800px-Immigration_Bill_Signing_-_A1421-33a_-_10-03-1965Bill Clinton’s view of his presidency had a fractured personality. He fancied himself America’s first “black president” as well considering himself a Kennedy in spirit. As far as immigration went, the Kennedy likeness was apt.

In 1994, Clinton made an adjustment to the Immigration and Nationality Act. Its specific purpose was to change the status of those residing in the United States illegally. Prior to October, 1994, only legal non-residents were permitted to avail themselves of a status modification, and only if a visa became available.

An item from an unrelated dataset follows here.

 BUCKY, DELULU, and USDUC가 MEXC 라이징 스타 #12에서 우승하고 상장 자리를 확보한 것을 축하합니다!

Clinton’s “adjustment” changed all that. Now, illegals had the practice extended to them … without requiring them to leave the country and wait for visa approval. It also required each applicant to pay a $1,000 fee. The law also included those who had entered the United States but committed visa violations during their stay. A provision that later benefited Tamerlan Tsarnaev, of recent Boston Marathon bombing infamy.

In 1997, Clinton’s Congress passed NACARA, the Nicaraguan Adjustment and Central American Relief Act, which granted legal status to people from Guatemala, El Salvador, Cuba, Nicaragua and nationals of the former Soviet bloc. This law also provided some protection from deportation. Castro emptied the Cuban prisons into America on the strength of NACARA.

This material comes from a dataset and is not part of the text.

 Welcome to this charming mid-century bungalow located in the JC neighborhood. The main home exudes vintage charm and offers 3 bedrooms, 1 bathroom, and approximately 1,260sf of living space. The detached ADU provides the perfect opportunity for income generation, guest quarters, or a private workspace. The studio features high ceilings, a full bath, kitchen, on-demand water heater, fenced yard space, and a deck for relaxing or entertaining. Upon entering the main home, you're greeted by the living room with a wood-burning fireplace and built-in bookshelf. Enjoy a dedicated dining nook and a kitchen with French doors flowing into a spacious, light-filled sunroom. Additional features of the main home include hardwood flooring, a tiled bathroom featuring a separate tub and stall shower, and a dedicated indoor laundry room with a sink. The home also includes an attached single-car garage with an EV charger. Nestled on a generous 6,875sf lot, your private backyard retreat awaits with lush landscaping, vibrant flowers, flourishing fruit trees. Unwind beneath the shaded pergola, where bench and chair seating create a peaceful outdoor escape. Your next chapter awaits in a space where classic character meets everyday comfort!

Not satisfied with his previous fine tuning, in December 2000 Bill Clinton signed the Legal Immigration Family Equity (LIFE) Act, which allowed those in the United States illegally to apply for and receive a green card even if they wouldn’t normally be eligible to receive one. Regardless of how the individual had entered the country, whether working illegally in the country or if the individual failed to “maintain lawful status” since his/her arrival in the United States, legitimacy was now assured.

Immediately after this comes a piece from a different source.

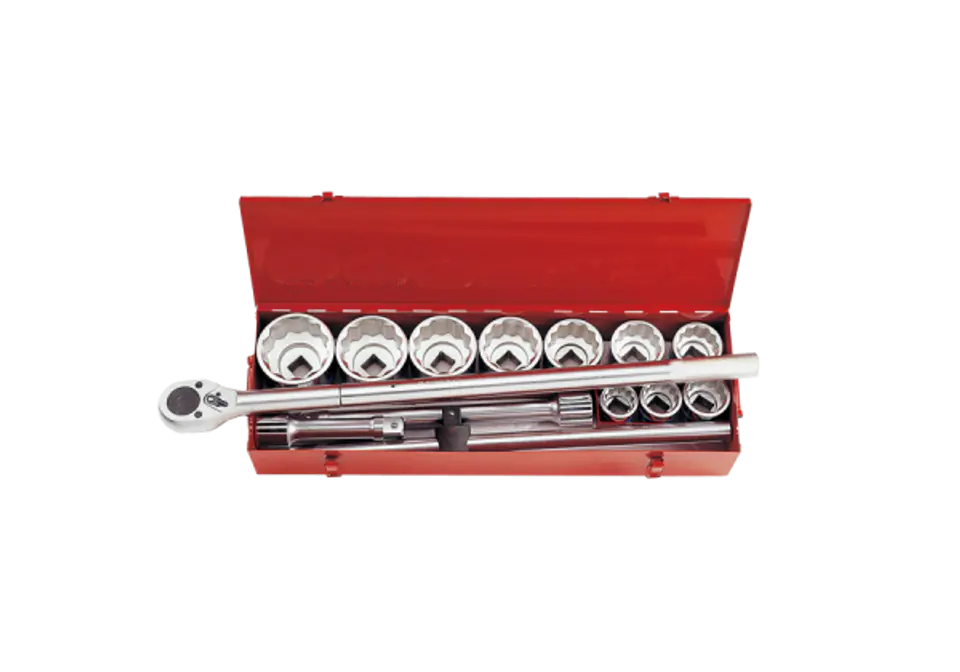 Zestaw narzędzi 1" King Tony w metalowej kasecie. W zestawie znajdują się nasadki 1", krótkie, 12-kątne w rozmiarach calowych 1-7/16", 1-1/2", 1-11/16", 1-7/8", 2", 2-1/4", 2-3/8", 2-5/8", 2-15/16", 3-1/8", grzechotka z moletowanym uchwytem, dwie przedłużki oraz pokrętło przesuwne. Karta produktu - 8015SR

Knowing that the next presidential election would be a tight race, Clinton initiated the not-so-clandestine Clinton/Gore “Project 500,000.” Gore was put in charge of boosting immigration, legal or not, in order to augment Democrat voting rolls by an additional 500,000 + voters. Among other things, Gore ordered adjudicators to abstain from criminal background checks, told immigration officials to ignore the requirement of English for interviews and waived the $1,000 application fee. Many thousands of foreign criminals received citizenship this way.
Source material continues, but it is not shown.